* **TO DO**:
Beginning at the line that contains "Early 19th Century", reproduce the entries below exactly, ending with the line that contains "Italian Minimalist Tech". Omit each picture.

:: RAW DATA

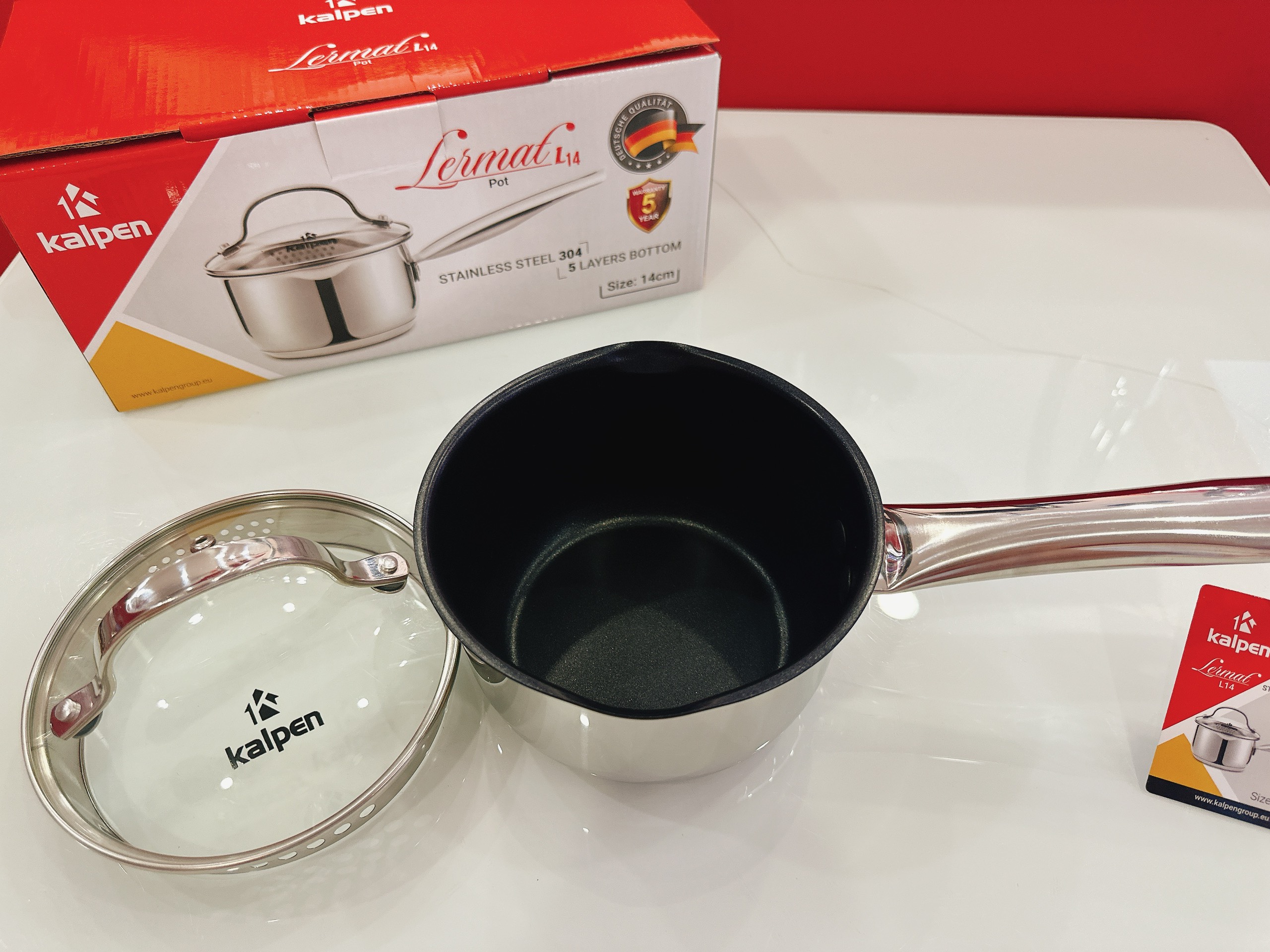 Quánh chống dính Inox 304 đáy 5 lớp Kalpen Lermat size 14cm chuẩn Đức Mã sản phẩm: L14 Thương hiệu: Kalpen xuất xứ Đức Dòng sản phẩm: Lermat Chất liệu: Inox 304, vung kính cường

::::
:: RAW DATA

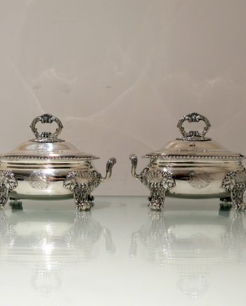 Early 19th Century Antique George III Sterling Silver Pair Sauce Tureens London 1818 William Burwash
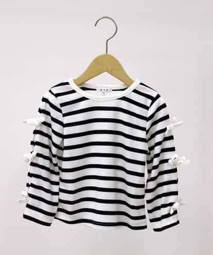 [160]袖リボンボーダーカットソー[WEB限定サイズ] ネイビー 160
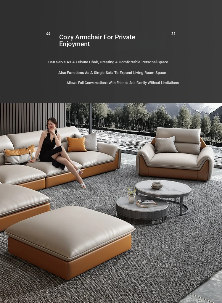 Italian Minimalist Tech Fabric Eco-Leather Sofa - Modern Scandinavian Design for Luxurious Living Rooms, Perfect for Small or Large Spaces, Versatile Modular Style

::::

* **RESPONSE**:
 Early 19th Century Antique George III Sterling Silver Pair Sauce Tureens London 1818 William Burwash
 [160]袖リボンボーダーカットソー[WEB限定サイズ] ネイビー 160
 Italian Minimalist Tech Fabric Eco-Leather Sofa - Modern Scandinavian Design for Luxurious Living Rooms, Perfect for Small or Large Spaces, Versatile Modular Style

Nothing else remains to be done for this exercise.